WORK INSTRUCTIONS. Without copying the images, write out all the entries below verbatim.

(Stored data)
────────────────────────────────────────

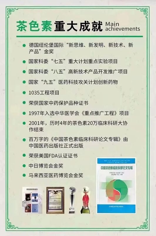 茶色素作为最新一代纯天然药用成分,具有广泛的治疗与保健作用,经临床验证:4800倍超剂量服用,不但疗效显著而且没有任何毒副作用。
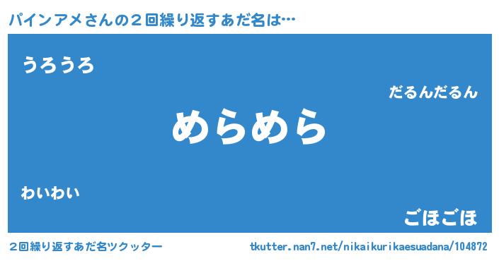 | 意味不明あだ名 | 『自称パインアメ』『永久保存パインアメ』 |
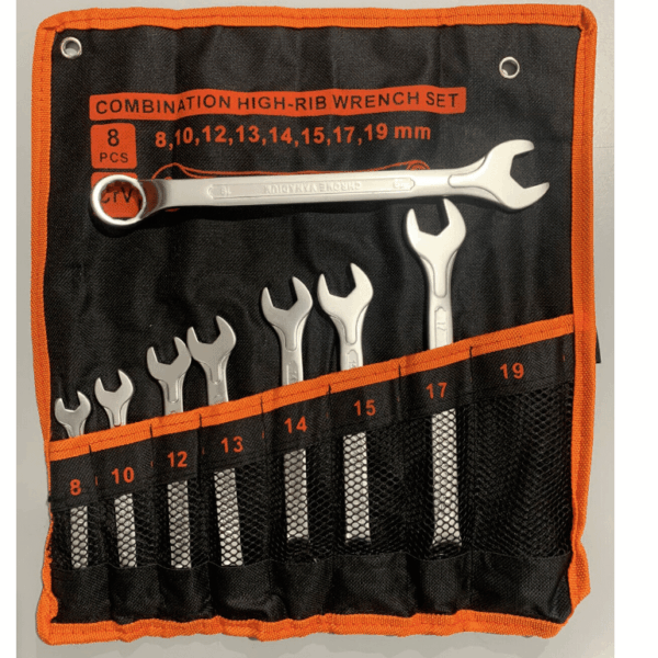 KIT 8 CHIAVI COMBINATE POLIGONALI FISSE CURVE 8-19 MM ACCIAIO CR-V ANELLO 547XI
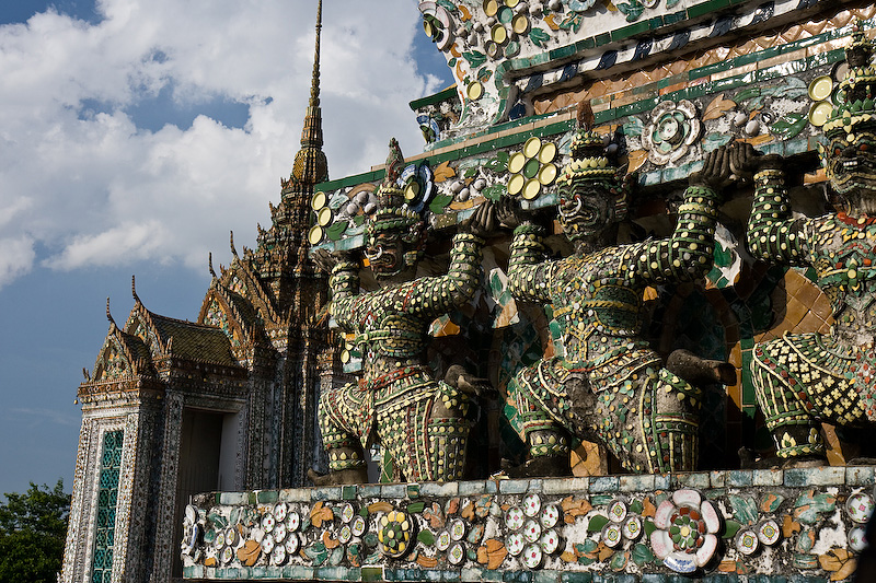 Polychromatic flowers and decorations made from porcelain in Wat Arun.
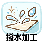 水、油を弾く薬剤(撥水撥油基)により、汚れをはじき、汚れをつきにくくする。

────────────────────────────────────────

PROBLEM SOLUTION.
 茶色素作为最新一代纯天然药用成分,具有广泛的治疗与保健作用,经临床验证:4800倍超剂量服用,不但疗效显著而且没有任何毒副作用。
 | 意味不明あだ名 | 『自称パインアメ』『永久保存パインアメ』 |
 KIT 8 CHIAVI COMBINATE POLIGONALI FISSE CURVE 8-19 MM ACCIAIO CR-V ANELLO 547XI
 Polychromatic flowers and decorations made from porcelain in Wat Arun.
 水、油を弾く薬剤(撥水撥油基)により、汚れをはじき、汚れをつきにくくする。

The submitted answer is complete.